November 28 -- A team of researchers working at the National Ignition Facility, part of Lawrence Livermore National Laboratory, has found that covering a cylinder containing a small amount of hydrogen fuel with a magnetic coil and firing lasers at it triples its energy output—another step toward the development of nuclear fusion as a power source.
In their paper published in the journal Physical Review Letters, the team, which has members from several facilities in the U.S., one in the U.K. and one in Japan, describes upgrading their setup to allow for the introduction of the magnetic coil.
Last year, a team working at the same facility announced that they had come closer to achieving ignition in a nuclear fusion test than anyone has so far. Unfortunately, the were unable to repeat their results. Since that time, the team has been reviewing their original design, looking for ways to make it better.
The original design involved firing 192 laser beams at a tiny cylinder containing a tiny sphere of hydrogen at its center. This created X-rays that heated the sphere until its atoms began to fuse.
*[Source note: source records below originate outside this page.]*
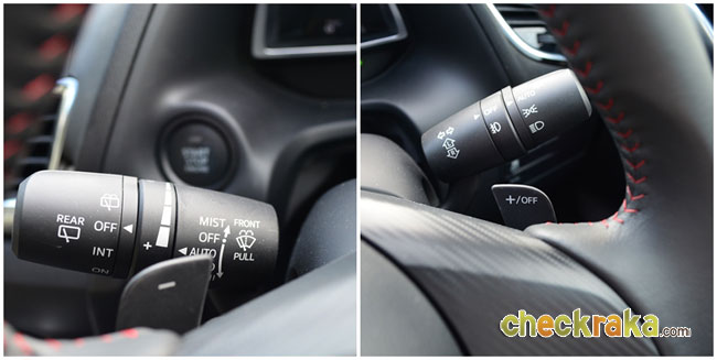สวิตช์ควบคุมระบบใบปัดน้ำฝนหน้า-หลัง พร้อมแพดเดิ้ลชิพ และก้านยกไฟเลี้ยวที่มีระบบกระพริบ 3 จังหวะมาให้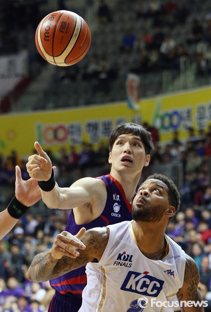 (고양=포커스뉴스) 23일 고양체육관에서 열린 2015-2016 프로농구 챔피언결정전 3차전 오리온-KCC경기에서 KCC 에밋과 오리온 장재석이 바운드된 볼을 바라보고 있다.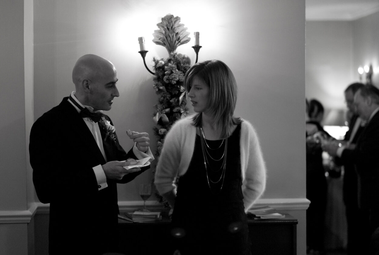 A quiet exchange before the aisle.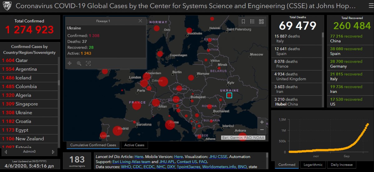 Об этом пишет Украинская правда со ссылкой на данные центра Джона Хопкинса, который регулярно обновляет статистику зарегистрированных случаев по странам и миру.
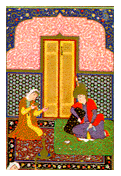 On Thursday, the day of Jupiter, dressed in clothes the color of sandalwood and a headgear to match, Bahram set forth for the pavilion of his Tartar beauty. In her best light brown dress, amid the fragrance of sandalwood incense, she greeted Bahram, amused him during the day and told him the following story at night.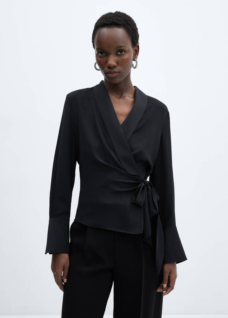 Tissu fluide. Coupe croisée. Col en V avec rabat. Manches longues et poignets boutonnés. Fermeture avant. Ruban à la taille avec fermeture à nœud. Disponible en grande taille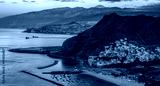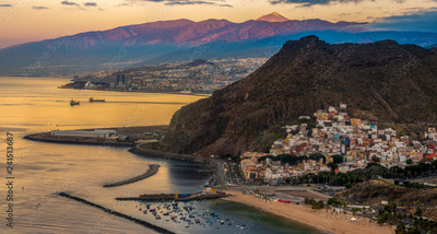 View of the Teresitas resort in Tenerife, in the distance a visible panorama of Santa Cruz and the Teide volcano

Some of the design improvements have involved changing the size of the holes through which the lasers pass, but they have only led to minor changes.
Looking for a better solution, the team studied prior research and found several studies that had shown, via simulation, that encasing a cylinder in a magnetic field should significantly increase the energy output.
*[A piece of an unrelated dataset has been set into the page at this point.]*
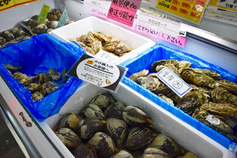 店内には椅子席の他に立ち席もあって、カキ1個から気軽に食べることができます。「市場のいろいろな店に立ち寄って、おいしいものを少しずつ食べ歩きしてください」(宮澤店長)とのこと。朝9時からやっていますよ。

Putting the suggestion into practice, the researchers had to modify the cylinder—originally, it was made of gold. Placing it in a strong magnetic field would create an electric current strong enough to tear the cylinder apart, so they made a new one from an alloy of gold and tantalum. They also switched the gas from hydrogen to deuterium (another kind of hydrogen), then covered the whole works with a tesla magnetic field using a coil. Then they fired up the lasers. The researchers saw an immediate improvement—the hot spot on the sphere went up by 40% and the energy output was tripled.
The work marks a step toward the ultimate goal—creating a fusion reactor that can produce more energy than is put into it.